-- WHAT YOU HAVE TO DO --
Reproduce the data below exactly as written. Pictures do not belong in the copy.

----- DATA BLOCK -----

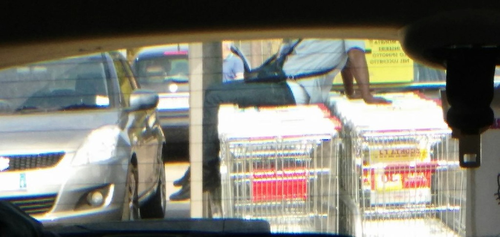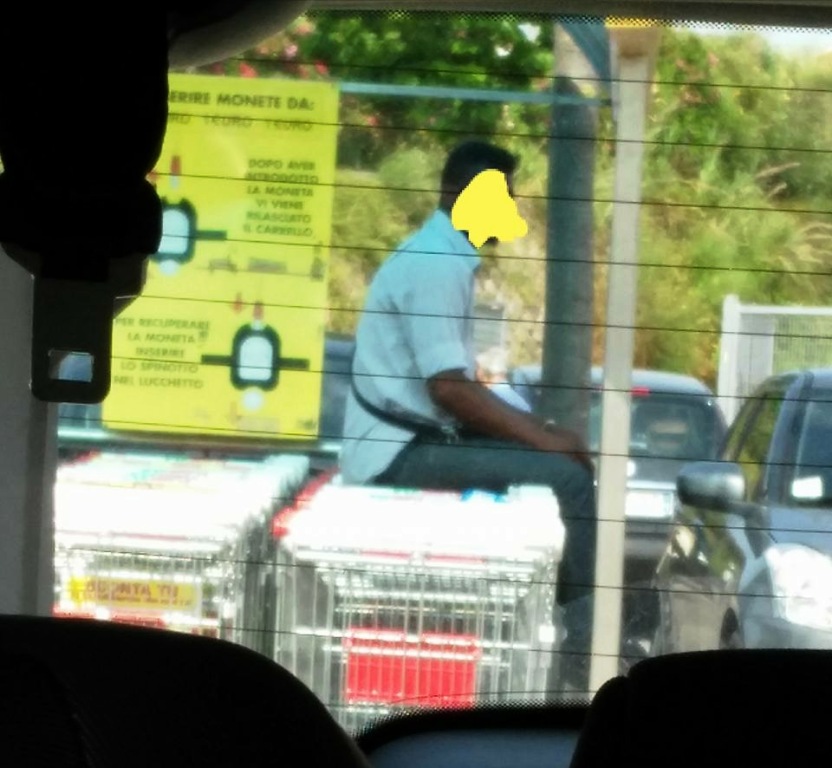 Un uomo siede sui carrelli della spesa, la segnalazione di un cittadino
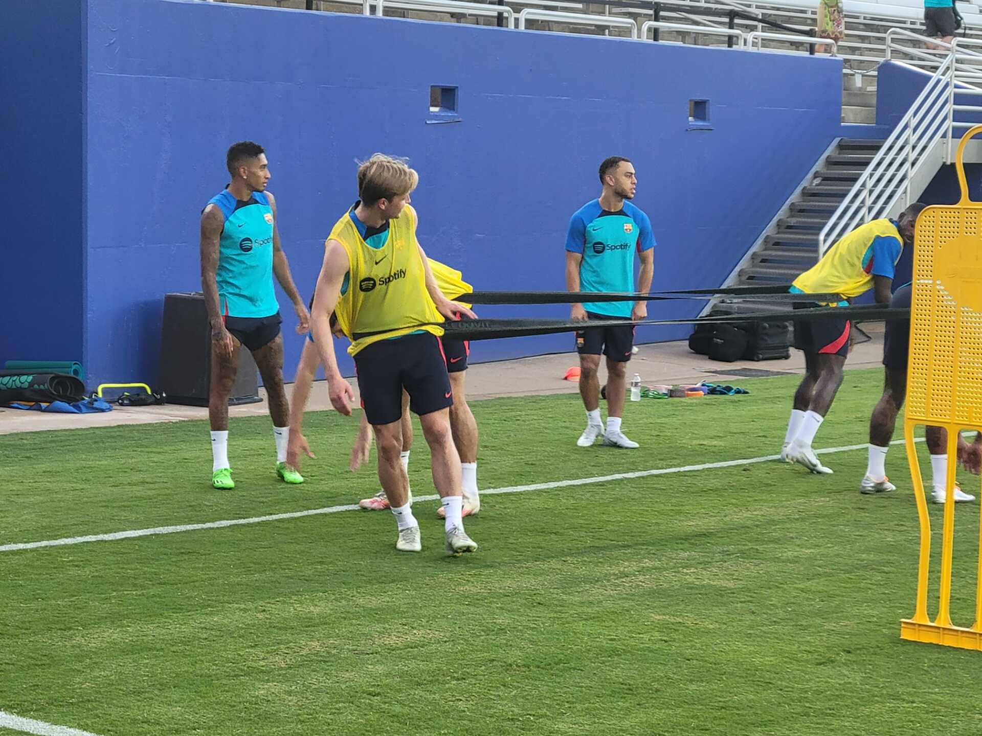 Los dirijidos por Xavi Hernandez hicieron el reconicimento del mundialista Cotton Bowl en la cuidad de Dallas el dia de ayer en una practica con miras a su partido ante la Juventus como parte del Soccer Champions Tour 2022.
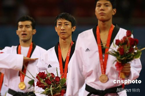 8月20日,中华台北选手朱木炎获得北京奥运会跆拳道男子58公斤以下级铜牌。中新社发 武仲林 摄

-----

-- ANSWER FOR THIS EXERCISE --
 Un uomo siede sui carrelli della spesa, la segnalazione di un cittadino
 Los dirijidos por Xavi Hernandez hicieron el reconicimento del mundialista Cotton Bowl en la cuidad de Dallas el dia de ayer en una practica con miras a su partido ante la Juventus como parte del Soccer Champions Tour 2022.
 8月20日,中华台北选手朱木炎获得北京奥运会跆拳道男子58公斤以下级铜牌。中新社发 武仲林 摄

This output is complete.